Glenn did just about everything substantive to the proposal from acquiring the extra adjoining land needed to build the station (a donation from a very generous landowner) to getting it rezoned (NOT a simple process) to getting perc tests to getting country permits for septic system, environmental disturbance, and a few others along the way. Glenn designed the required structure, investigated LEED requirements, navigated the complicated instructions for proposals, acquired the fire department personnel and district data, and wrote the narrative. He interviewed at least a dozen companies in order to construct the budget. He states that every Oglethorpe County official and company rep he worked with was competent and helpful and a pleasure to get to know.
Glenn could detail much more in the way of "interesting learning experiences," but here's a couple:
On his travels he learned that more than a few submissions are being made from other fire departments in northeast Georgia, mostly (all?) professional ones. Their strategy is to farm out a proposal, presumably at considerable cost, to experts who make their living writing such proposals.
The number of catch-22s is amazing - things have to be in place before the proposal can be submitted, but quite a few of these things really can't be done, or paid for, until after a proposal is successful. Glenn cleverly resolved several of these issues to at least some level of satisfaction.
Here's an example: LEED (Leadership in Energy and Environmental Design) certification. All new structures have to meet certain green standards to have a reasonable chance of success for funding, and LEED certification is the most credible way to go about it. Certification is *extremely* expensive, and investing that kind of up front out of pocket money is simply impossible for a volunteer fire department.
Time that Glenn spent? Including the meticulous building designs and redesigns over the course of a year, endless measurements - thousands of hours. I can personally attest to it.
Likelihood of success? No idea. It is suggested that 1% of proposals will be funded - sounds pretty unlikely, but there may be some division in funding for professional vs volunteer that we don't know about.
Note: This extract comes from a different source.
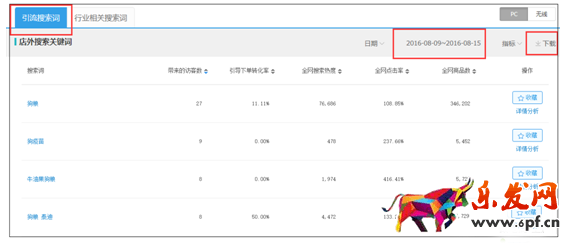 數據有PC端和無線端之分(PC端數據比無線端多了曝光量,可以考慮一下點擊率的問題),但是當前一般都是無線端數據是主流,所以我們以無線端為例。我們留下的數據包括:關鍵詞、訪客數、引導下單轉化率、人均瀏覽量、跳失率、全網搜索人氣、商城點擊占比、全網點擊率、全網商品數、全網下單轉化率。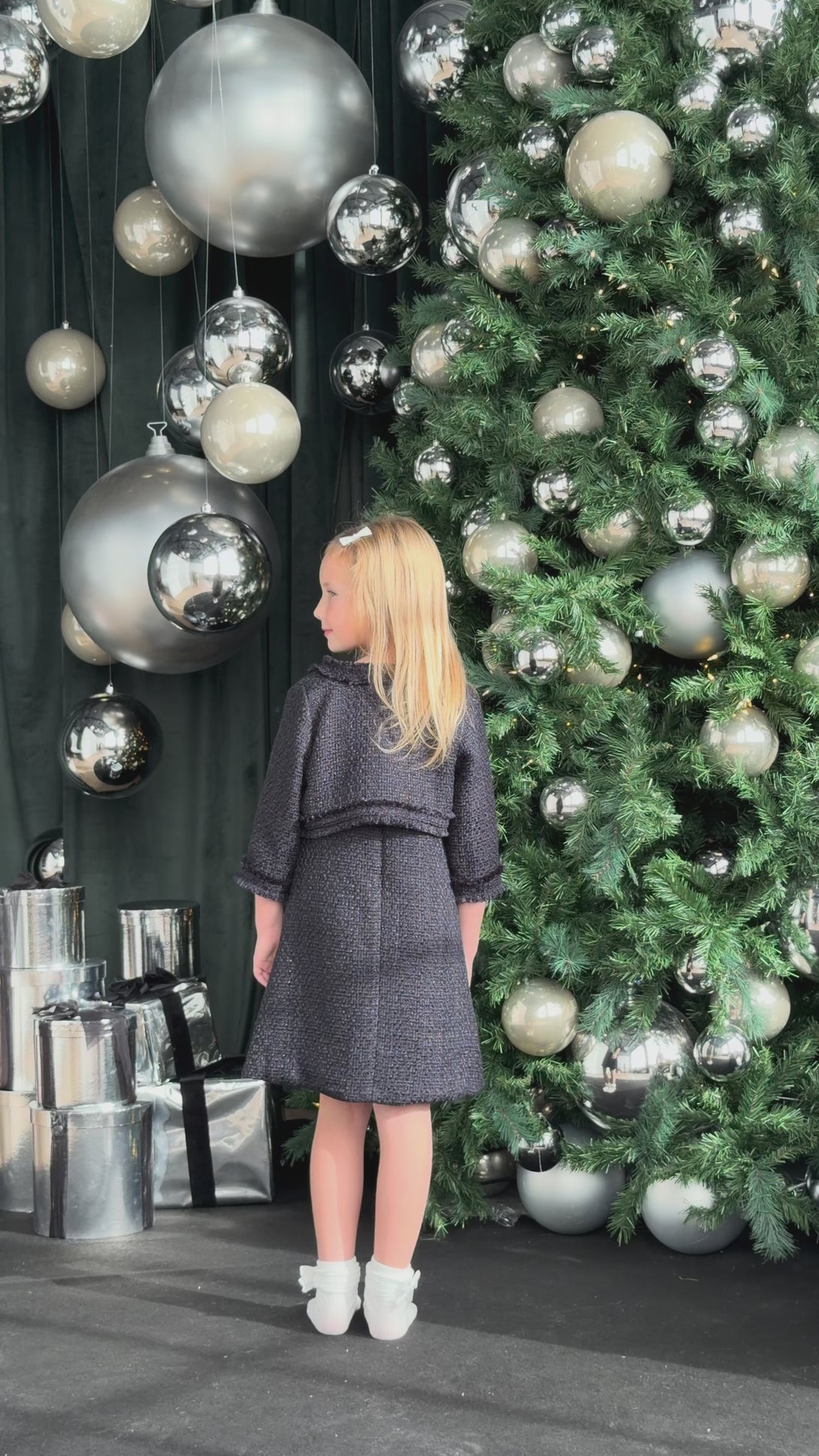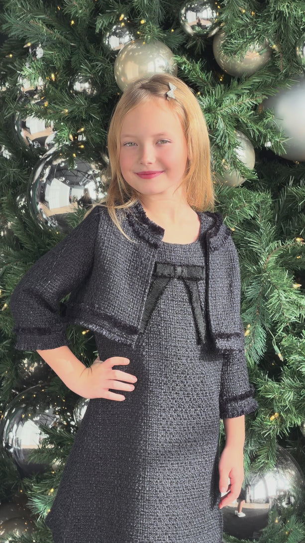 Sophisticated and timeless, the D61 dress offers a refined look for any girl’s special day. Crafted from rich, textured tweed, the dress combines classic elegance with subtle, modern charm. The fitted bodice features a clean, round neckline creating a polished silhouette, while the lightly flared skirt flows gracefully for a comfortable and flattering fit. Perfectly coordinated with the AF61 jacket, this dress is designed to create a cohesive, stylish outfit that balances structure with softness.

My personal evaluation is that if that were the case then Glenn's final product would certainly end up in the top 1% in a volunteer category.
Still, it's what you have to do. You can't make an omelet without breaking eggs and you can't break eggs if you don't have them in the first place. You can't get them in the first place unless someone else has the chickens, and sometimes you have to buy them the chickens.
Regardless of whether we are enjoying omelets someday, no effort was wasted. Glenn has a lot of eggs in place, now. Or maybe it's chickens.